I was still in bed when the cell phone and the BlackBerry came to life. I tried to ignore the ringing and whizzing sounds and catch some more sleep, but the noise wouldn’t stop. It wasn’t just a few calls and e-mails, but a whole stream of them pouring in at once. I realized something must have happened—something big.

That “something big” became clear once I checked the BlackBerry: President George W. Bush had just announced his nominee to replace Justice Sandra Day O’Connor on the U.S. Supreme Court—his White House counsel, Harriet Miers. And as one of the urgent e-mails instructed me, I had a conference call about Miers in just moments—a call with the White House team defending the president’s pick.

Who on earth is Harriet Miers? I thought.

Only days earlier I had attended the formal swearing-in ceremony of Chief Justice John Roberts in the East Room of the White House, and through my work as an officer of the Federalist Society, the nation’s most prominent conservative legal organization, I knew the members of the White House team advising the president on Supreme Court nominations. Still, the Miers pick surprised me.

When the conference call began, I listened intently as the group, made up of reputable conservatives and led by former Republican National Committee chairman Ed Gillespie, made the case for Miers. They emphasized her loyalty to the president and her accomplishments as an attorney in Texas. But then something strange happened: They stopped talking, when it seemed they had only begun their case.

Maybe I was still groggy. I had jotted down only a few notes—generic comments about the nominee’s view that “the role of the judiciary should be limited” and her vow to “strictly apply the laws and the Constitution.” Surely there was more to say for Harriet Miers’s qualifications, a stronger case to make? I had yet to hear anything about Miers that convinced me that she was a committed conservative. I had publicly supported the Roberts nomination and expected to do the same for this one. I naturally began searching my mind for ways to phrase the case for Miers in the inevitable television debates I’d be engaged in with liberals. Then I realized, Forget the Left, what would I say to my friends on the Right about the pick? I struggled to convince myself that this was a good conservative candidate.

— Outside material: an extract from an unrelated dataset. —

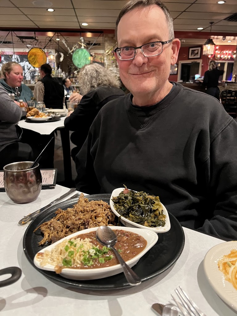 Always great food and service. Awesome crab ragoons and crab dip to start with hurricanes and sidecars for cocktails. The pork was Amazing! A vinegar flavor that was great! Shrimp n grits n bacon always spot on and delicious. All I can eat chicken on Mondays is very popular.

So finally I piped up with a question.

“Is this it?”

The point was, when you’re talking about the highest court in the land, the president must compile a formidable case for his nominee. The White House team hadn’t done it. And as I now listened to them repeat the same few talking points, it became clear—as it soon would to the rest of the conservative movement—that there really wasn’t more to the case for Harriet Miers.

I left the call unconvinced and a bit confused. After conservatives had spent years waiting for an opportunity to change the balance of the Supreme Court, was Miers really the best pick? Not at all.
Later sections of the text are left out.